So this thread idea builds on a post by
@Nagol in a different thread ...
(also h/t
@Elfcrusher and
@Tony Vargas )
Specifically, the concept of D&D as post-apocalyptic wasteland.
MAX MAD FOR THE WIN! THUNDERDOME!
ahem.
So, the original snipped that prompted this thread was an explanation for what Nagol wants when they are deciding to play D&D, and they responded with:
I want a game world that is effectively post-apocalyptic -- where the best things need to be recovered, not constructed.

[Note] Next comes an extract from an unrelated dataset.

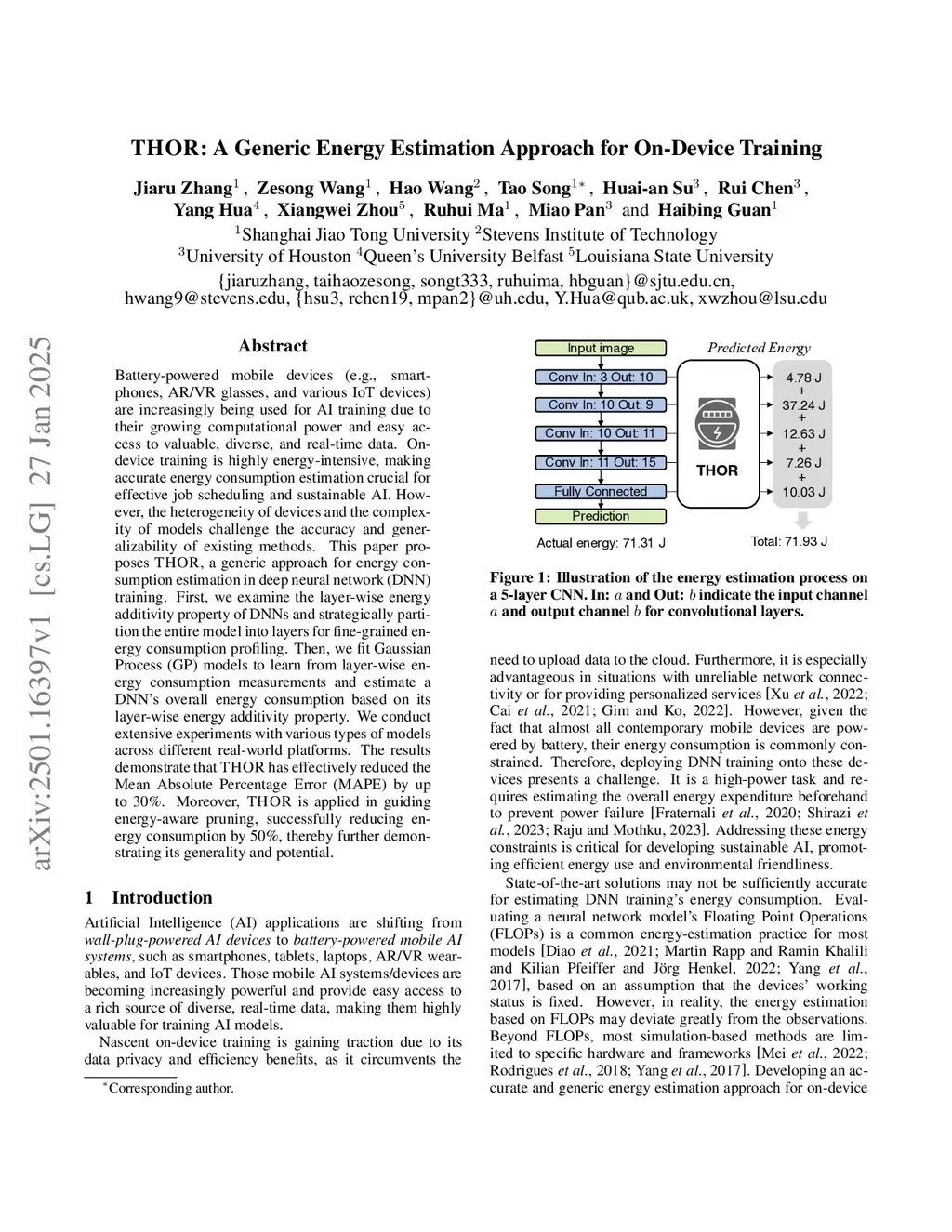 Battery-powered mobile devices (e.g., smartphones, AR/VR glasses, and various IoT devices) are increasingly being used for AI training due to their growing computational power and easy access to valuable, diverse, and real-time data. On-device training is highly energy-intensive, making accurate energy consumption estimation crucial for effective job scheduling and sustainable AI. However, the heterogeneity of devices and the complexity of models challenge the accuracy and generalizability of existing estimation methods.This paper proposes THOR, a generic approach for energy consumption estimation in deep neural network (DNN) training. First, we examine the layer-wise energy additivity property of DNNs and strategically partition the entire model into layers for fine-grained energy consumption profiling. Then, we fit Gaussian Process (GP) models to learn from layer-wise energy consumption measurements and estimate a DNN's overall energy consumption based on its layer-wise energy additivity property. We conduct extensive experiments with various types of models across different real-world platforms. The results demonstrate that THOR has effectively reduced the Mean Absolute Percentage Error (MAPE) by up to 30%. Moreover, THOR is applied in guiding energy-aware pruning, successfully reducing energy consumption by 50%, thereby further demonstrating its generality and potential.

This concept resonated with many of us; Elfcrusher chimed in with:
I was even just thinking more generally that worlds in which nobody in the present can replicate the mysterious (magical?) achievements of the past...are appealing to me. Whether that's the Third Age of Middle Earth, or post-Roman Britain in Bernard Cornwell's novels, or the lost glory of the Jedi order.
And Tony Vargas added:
May be referring to the earlier takes on settings, and on the nature of items? I'm not sure when - it already seemed to be happening a lot when I started - we got this idea that today's magic-users need to be able to make any magic item, when, in genre, the distant past was often a pinnacle of magical power or a golden age. The genre's full of stuff like that: Tolkien's Ring and named glowing swords and Palantirs are essentially artifacts of the ancients. Artifacts/Relics were always part of the game. Greyhawk had empires destroyed by war or disaster in the past. Heck, even PoL fits that kind of theme, right up to (to my personal annoyance) the domains of the gods.
So I am throwing this out for general conversation, since this is an idea I've kind of thought about before, but never in a truly systemic way.
Do you view D&D play (or at least the way you play D&D) as similar to many of the tropes and themes that you associate with typical post-apocalyptic settings?
How do you feel that the concepts of scarcity and post-apocalyptic settings, in general, have been incorporated into the general D&D mythos?